By Elizabeth Akincilar-Rummer

 

MEN!!! Are you ready?? Birth Control for men is here….almost.

 

Contraception. For some of us, that word has been a saving grace in preventing unwanted pregnancies and diseases. For others, it is fraught with moral and ethical dilemmas. But, those who are the most concerned with and often the most involved with contraception, are women. Let’s be real, women, versus men, take the brunt of birth control. And, maybe we should, since we are the ones who would have to endure 40 weeks of pregnancy and the birth of a child. Maybe the responsibility should be primarily on our shoulders. But, what about everything that occurs after the birth of a child? That lifelong responsibility of a child parents accept when they decide to conceive is on both parents, right? So, why wouldn’t the responsibility of birth control be for both the man and the woman? Good question. I think it should. I think we should have a choice. I think a couple should be able to decide, together, who should take on the responsibility of birth control.

 

Before you get your panties in a bunch, I know what some of you are going to say.
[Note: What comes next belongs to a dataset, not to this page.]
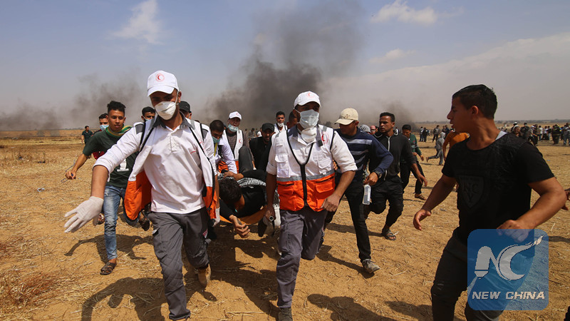 Palestinian medics carry an injured man during clashes with Israeli troops on the Gaza-Israel border, east of Khan Younis City in the southern Gaza Strip, on April 27, 2018. (Xinhua)
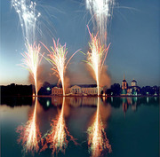 Наземные фейерверки - это фейерверк, высота действия которого не превышает 5 - 7 метров. К таким фейерверкам относятся фейерверочные фигуры из искристых фонтанов и огненных колес, "водопады", звуковые эффекты (свист, хлопки и др.

You’re thinking, we already have a choice. Men can use a condom, they can use the withdrawal method, or they can undergo a sterilization procedure. Uh huh. Right. As if those are great choices. Let’s look at each option. Studies show that if you use the withdrawal method perfectly, 4 women out of 100 will get pregnant. If it’s done incorrectly, 27 out of 100 women will get pregnant. And, by the way, the withdrawal method is extremely difficult to do correctly if the man doesn’t have excellent self-control, men who ejaculate prematurely, and for men without a significant amount of experience. Condoms are 98% effective when used perfectly. Studies have shown that up to 40% of men use condoms incorrectly. And, sterilization isn’t an option for most couples since many of them will actually want to eventually get pregnant, and sterilization is not easily reversible. Where does that leave us? Not with a good choice, that’s where.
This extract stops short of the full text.